雷公藤是一个有着悠久、广泛应用历史的中药。雷公藤甲素(Triptolide, TPL)是雷公藤的主要活性成分之一。近年来大量体内和体外的研究证明,Triptolide对多种癌症如白血病、乳腺癌、胰腺癌及肺癌等均有良好的抗肿瘤活性。最近的研究发现,TPL除了特异地影响某些蛋白和信号通路以外,还会抑制广泛的基因转录,但其作用机理有待进一步明确。
中科院上海药物研究所俞强课题组对Triptolide抑制广泛基因转录的分子机制进行了深入研究。研究发现,Triptolide通过促进RNA聚合酶II中最大及最主要的功能亚基Rpb1磷酸化,以及随后的Rpb1的泛素化降解,从而抑制基因的转录。Rpb1上游激酶PTEF-b在Triptolide诱导的Rpb1的磷酸化的过程中发挥着正调控作用。研究还发现,Triptolide可以诱导DNA损伤。这些研究提示,Triptolide通过造成细胞的DNA损伤,从而激活P-TEFb,使其磷酸化Rpb1,造成Rpb1的降解,从而抑制了广谱的基因转录。
Triptolide是一个具有多种生物活性的化合物,阐明它的分子作用机制对于其和雷公藤今后在临床上合理的使用具有重要的指导意义。该研究于9月13日在线发表于PLOS ONE上。
研究工作得到了国家自然科学基金委,国家科技部,国家重大科技专项和上海市科委的资助。(生物谷Bioon.com)
doi:10.1371/journal.pone.0024407
PMC:
PMID:
Triptolide (TPL) Inhibits Global Transcription by Inducing Proteasome-Dependent Degradation of RNA Polymerase II (Pol II)
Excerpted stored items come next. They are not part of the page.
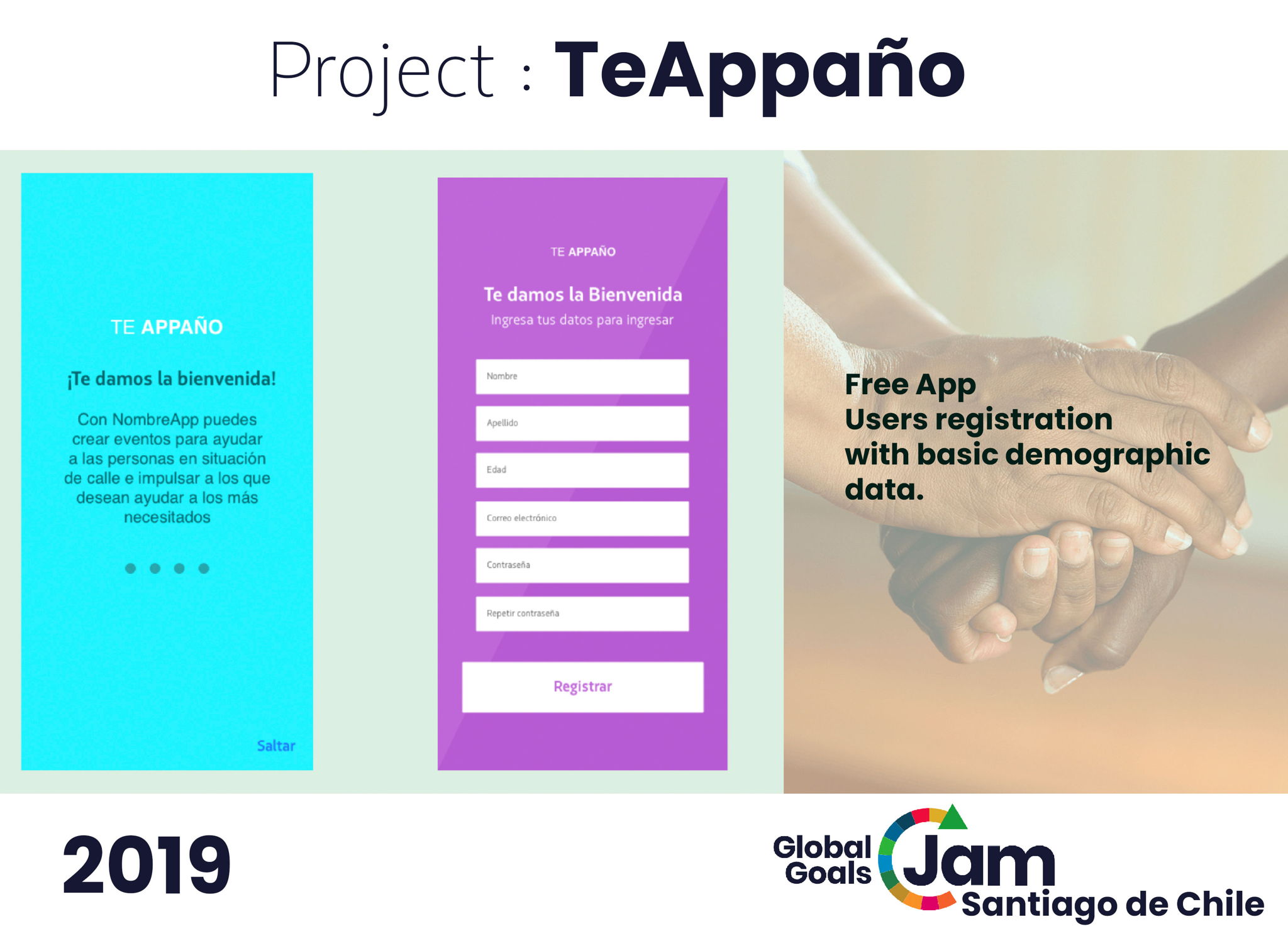 Te Appaño is a solidarity-community app, to make visible and organize community-supported events to help homeless people in Santiago.
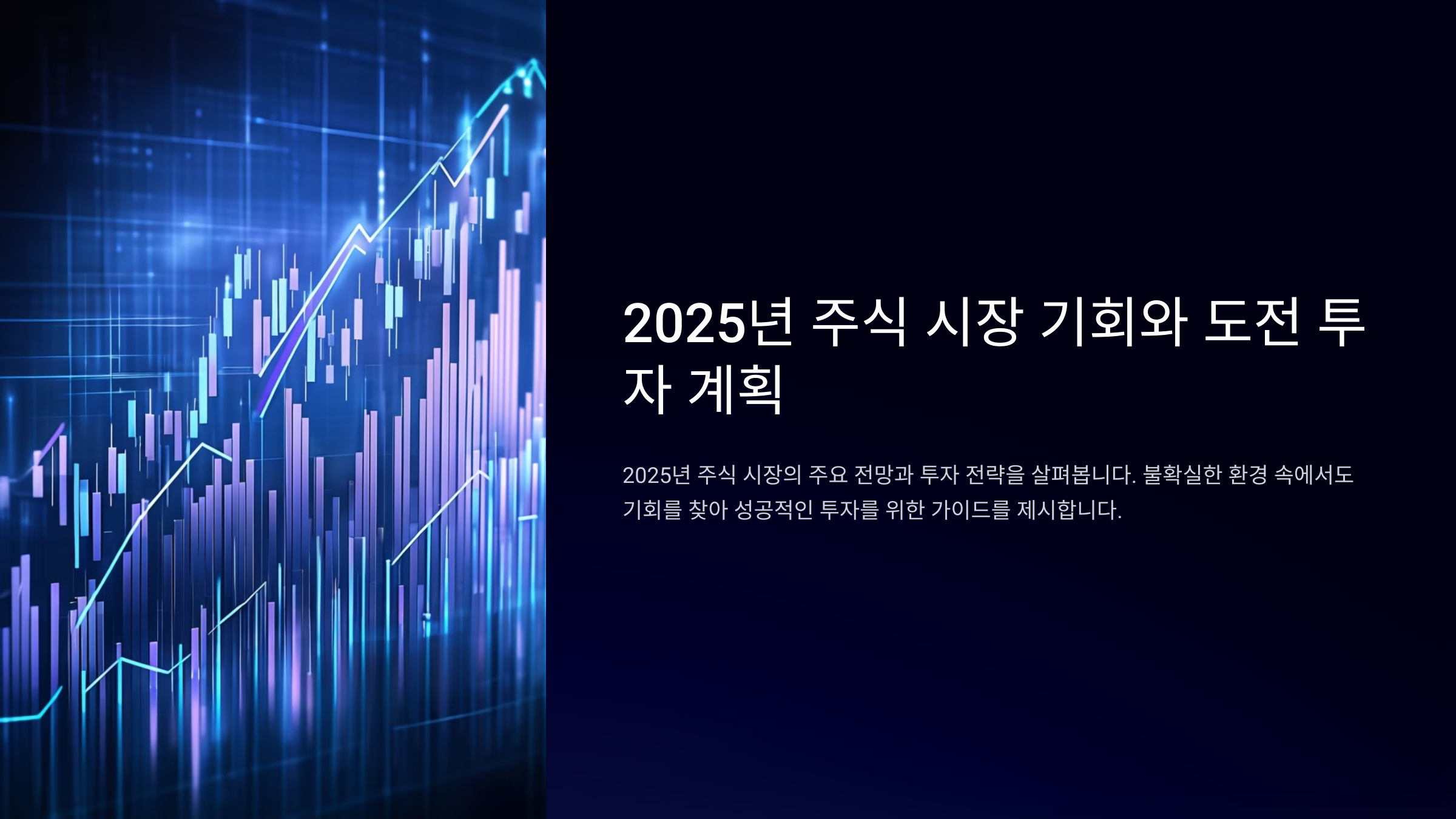 2025년이 다가오면서 주식 시장의 변화에 대해 고민하고 있습니다. 세계 경제 환경은 여전히 복잡하고 불확실성이 크지만, 철저한 분석과 준비를 통해 이러한 환경에서도 기회를 찾아가고자 합니다. 이 글에서는 제가 파악한 2025년 주식 시장의 주요 전망과 이에 따른 투자 전략을 정리해보았습니다.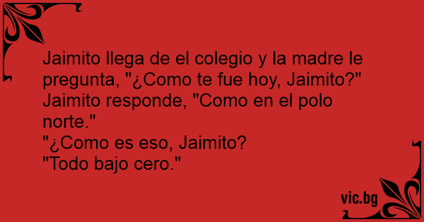 Jaimito llega de el colegio y la madre le pregunta, "¿Como te fue hoy, Jaimito?"

Ying Wang1, Jin-jian Lu1,2, Li He1, Qiang Yu1*
Triptolide (TPL), a key biologically active component of the Chinese medicinal herb Tripterygium wilfordii Hook. f., has potent anti-inflammation and anti-cancer activities. Its anti-proliferative and pro-apoptotic effects have been reported to be related to the inhibition of Nuclear Factor κB (NF-κB) and Nuclear Factor of Activated T-cells (NFAT) mediated transcription and suppression of HSP70 expression. The direct targets and precise mechanisms that are responsible for the gene expression inhibition, however, remain unknown. Here, we report that TPL inhibits global gene transcription by inducing proteasome-dependent degradation of the largest subunit of RNA polymerase II (Rpb1) in cancer cells. In the presence of proteosome inhibitor MG132, TPL treatment causes hyperphosphorylation of Rpb1 by activation of upstream protein kinases such as Positive Transcription Elongation Factor b (P-TEFb) in a time and dose dependent manner. Also, we observe that short time incubation of TPL with cancer cells induces DNA damage. In conclusion, we propose a new mechanism of how TPL works in killing cancer. TPL inhibits global transcription in cancer cells by induction of phosphorylation and subsequent proteasome-dependent degradation of Rpb1 resulting in global gene transcription, which may explain the high potency of TPL in killing cancer.